Patches look good, but I agree with Lijo that we should switch to a
dedicated sdma7 header at some point in case there are other
discrepancies, but I think that can be a later update.
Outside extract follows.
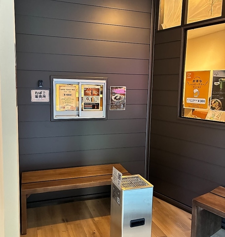 喫煙室には小窓とインターホンを設置。インターホンを押していただくと、スタッフがその場でタバコの販売に対応いたします。「席を立たずに購入できる」喫煙者目線のサービスも当店の特長です。

Some
additional comments below.
>
> Best Regards,
> Frank
>
> From: Frank Min <Frank.Min at amd.com>
> Date: Thu, 10 Oct 2024 16:41:32 +0800
> Subject: [PATCH 1/2] drm/amdgpu: fix random data corruption for sdma 7
>
> There is random data corruption caused by const fill, this is caused by
> write compression mode not correctly configured.
>
> So correct compression mode for const fill.
>
> Signed-off-by: Frank Min <Frank.Min at amd.com>
> ---
> drivers/gpu/drm/amd/amdgpu/sdma_v6_0_0_pkt_open.h | 6 ++++++
> drivers/gpu/drm/amd/amdgpu/sdma_v7_0.c | 3 ++-
> 2 files changed, 8 insertions(+), 1 deletion(-)
>
> diff --git a/drivers/gpu/drm/amd/amdgpu/sdma_v6_0_0_pkt_open.h b/drivers/gpu/drm/amd/amdgpu/sdma_v6_0_0_pkt_open.h
> index d8cf830916b9..9f43c14f0bb0 100644
> --- a/drivers/gpu/drm/amd/amdgpu/sdma_v6_0_0_pkt_open.h
> +++ b/drivers/gpu/drm/amd/amdgpu/sdma_v6_0_0_pkt_open.h
> @@ -4346,6 +4346,12 @@
> #define SDMA_PKT_CONSTANT_FILL_HEADER_sw_shift 16
> #define SDMA_PKT_CONSTANT_FILL_HEADER_SW(x) (((x) & SDMA_PKT_CONSTANT_FILL_HEADER_sw_mask) << SDMA_PKT_CONSTANT_FILL_HEADER_sw_shift)
>
> +/*define for compression field for sdma7*/
> +#define SDMA_PKT_CONSTANT_FILL_HEADER_compress_offset 0
> +#define SDMA_PKT_CONSTANT_FILL_HEADER_compress_mask 0x00000001
> +#define SDMA_PKT_CONSTANT_FILL_HEADER_compress_shift 16
> +#define SDMA_PKT_CONSTANT_FILL_HEADER_COMPRESS(x) (((x) & SDMA_PKT_CONSTANT_FILL_HEADER_compress_mask) << SDMA_PKT_CONSTANT_FILL_HEADER_compress_shift)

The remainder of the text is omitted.